There are other slick methods built in to DataFrames. For example, we can quickly compute the Pearson correlation between all pairs of data with the corr() method of the DataFrame.

In [11]:
df.corr()
Out[11]:
trial number impact force (mN) impact time (ms) impact force / body weight adhesive force (mN) time frog pulls on target (ms) adhesive force / body weight adhesive impulse (N-s) total contact area (mm2) contact area without mucus (mm2) contact area with mucus / contact area without mucus contact pressure (Pa) adhesive strength (Pa)
trial number 1.000000 0.081059 -0.012223 -0.165235 -0.144249 -0.300896 -0.000758 -0.152892 -0.070046 0.338473 -0.487218 0.105460 -0.228193
impact force (mN) 0.081059 1.000000 0.065284 0.233450 -0.581344 -0.121341 -0.282177 -0.328656 0.436910 0.447339 -0.163551 0.436010 -0.087942
impact time (ms) -0.012223 0.065284 1.000000 0.060478 0.166485 -0.224467 -0.276984 0.184928 -0.151079 -0.054654 -0.001410 0.088254 -0.010054
impact force / body weight -0.165235 0.233450 0.060478 1.000000 0.313570 0.055374 0.327074 0.303916 -0.291663 -0.190505 -0.084925 0.397020 0.089783
adhesive force (mN) -0.144249 -0.581344 0.166485 0.313570 1.000000 0.172685 -0.017410 0.518693 -0.517483 -0.488566 0.194437 -0.098643 0.336116
time frog pulls on target (ms) -0.300896 -0.121341 -0.224467 0.055374 0.172685 1.000000 0.006804 -0.369147 0.282509 -0.262914 0.620117 -0.353474 0.434311
adhesive force / body weight -0.000758 -0.282177 -0.276984 0.327074 -0.017410 0.006804 1.000000 0.200359 -0.316363 -0.237184 -0.146312 -0.097282 -0.154410
adhesive impulse (N-s) -0.152892 -0.328656 0.184928 0.303916 0.518693 -0.369147 0.200359 1.000000 -0.684423 -0.434937 -0.058184 0.224038 -0.187740
total contact area (mm2) -0.070046 0.436910 -0.151079 -0.291663 -0.517483 0.282509 -0.316363 -0.684423 1.000000 0.383562 0.310887 -0.390094 0.417100
contact area without mucus (mm2) 0.338473 0.447339 -0.054654 -0.190505 -0.488566 -0.262914 -0.237184 -0.434937 0.383562 1.000000 -0.394482 0.026032 0.007942
contact area with mucus / contact area without mucus -0.487218 -0.163551 -0.001410 -0.084925 0.194437 0.620117 -0.146312 -0.058184 0.310887 -0.394482 1.000000 -0.454396 0.506204
contact pressure (Pa) 0.105460 0.436010 0.088254 0.397020 -0.098643 -0.353474 -0.097282 0.224038 -0.390094 0.026032 -0.454396 1.000000 -0.600649
adhesive strength (Pa) -0.228193 -0.087942 -0.010054 0.089783 0.336116 0.434311 -0.154410 -0.187740 0.417100 0.007942 0.506204 -0.600649 1.000000

Shortcut names

It is getting kind of cumbersome indexing with the long column headings.
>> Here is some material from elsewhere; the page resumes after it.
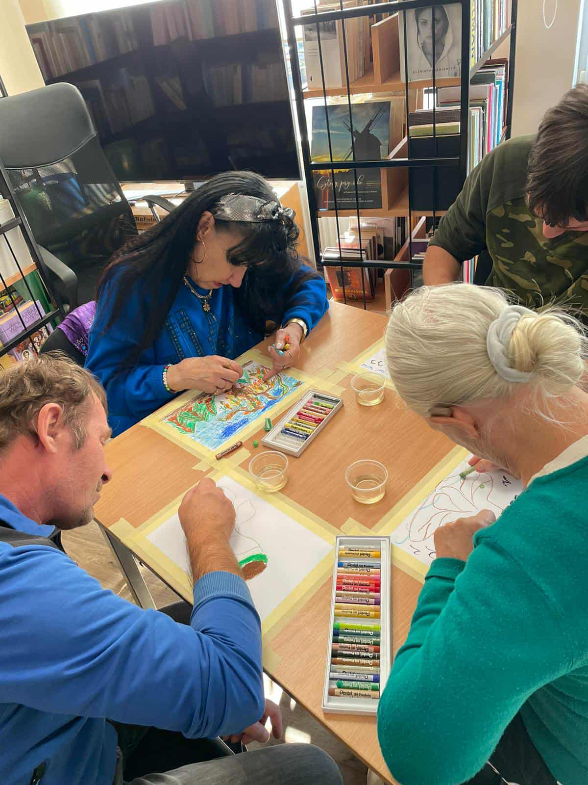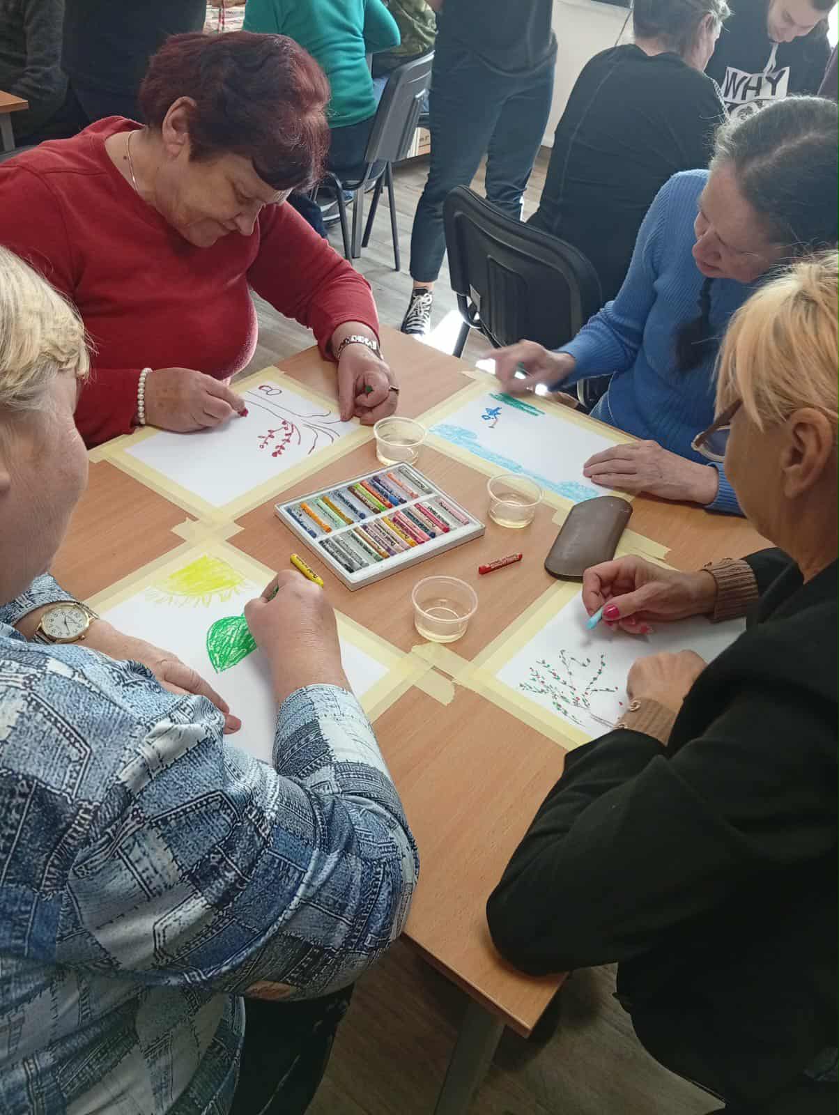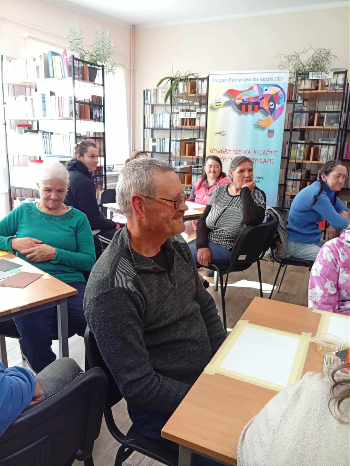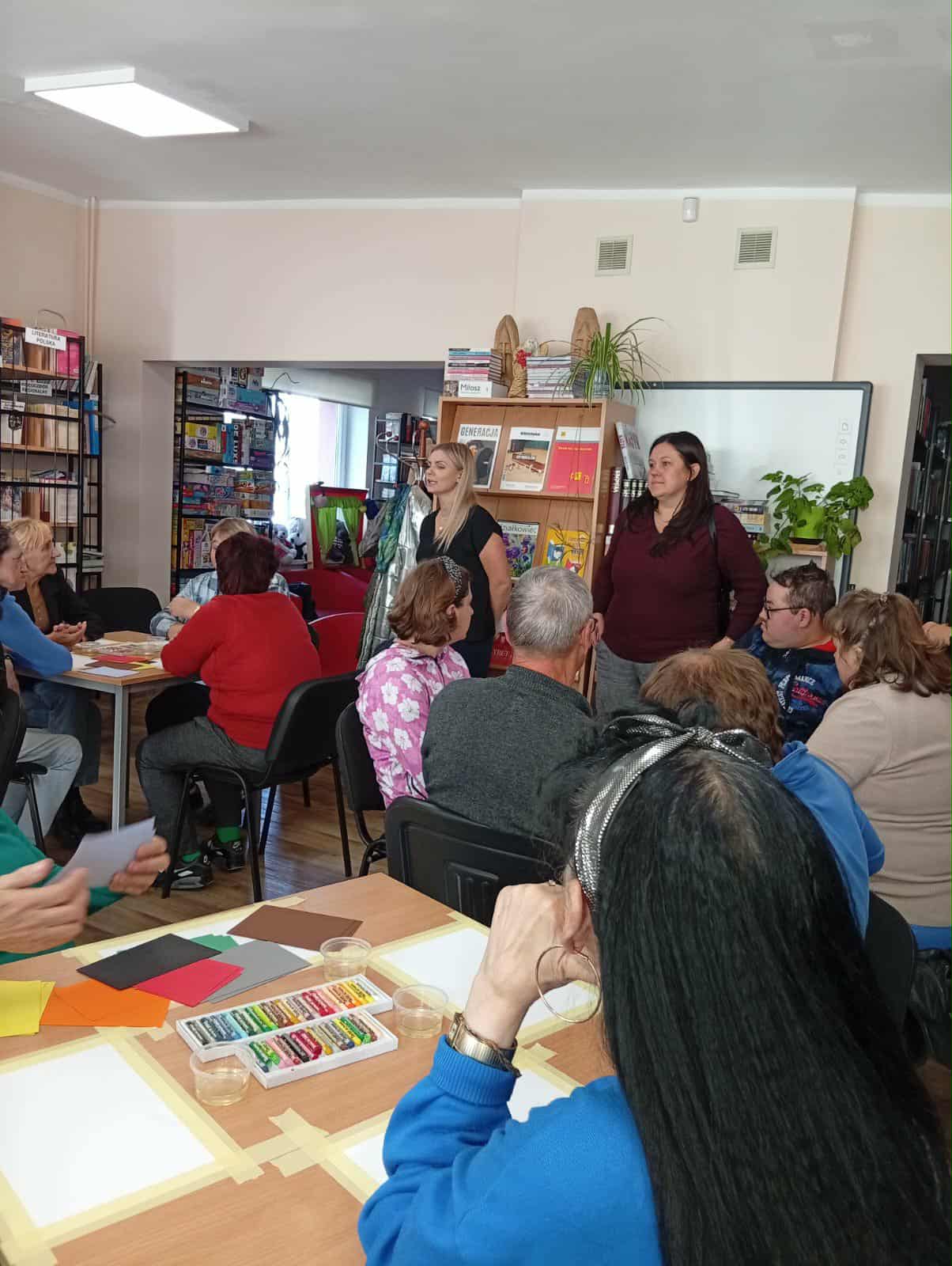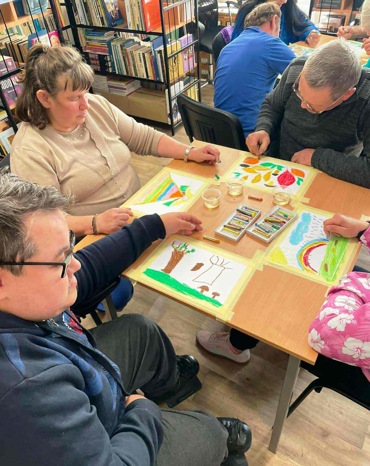 3 października w Gminnej Bibliotece Publicznej w Kowalach Oleckich, a skierowane były do uczestników tutejszego Środowiskowego Domu Samopomocy . Po wysłuchaniu dwóch różnych utworów poetyckich, które przepełnione były kolorami, muzyką, nastrojem, bogactwem flory i fauny, rozpoczęła się rozmowa o emocjach jakie wywołały te wiersze. Odbiór był bardzo pozytywny, a emocje podobne, każdy opowiadał co widział, słyszał i czuł podczas słuchania. Gdy słowa ucichły przyszedł czas na przeniesienie tych wrażeń na papier. W ruch poszły kredki i palce, które rozprowadzały po kolorach olej. Powstały piękne prace, które zachwycały oglądających i budziły zdziwienie wśród samych wykonawców, a mianowicie, że tak udało im się wydobyć z wysłuchanych wierszy, piękno jesieni. Z uśmiechem na ustach i radością, a nie jesiennym smutkiem, każdy ze swoim dziełem, opuszczali bibliotekę.

The headings are nonetheless useful, since they are descriptive and we never have problems losing track of units. But, let's say we wanted change impact force (mN) to impf for easier indexing. We can use the rename() method of DataFrames. We just pass in a dictionary of columns we want to rename.

In [12]:
# Rename the impact force column
df = df.rename(columns={'impact force (mN)': 'impf'})

We will explore the power of Pandas more in the next lesson, when we practice with DataFrames.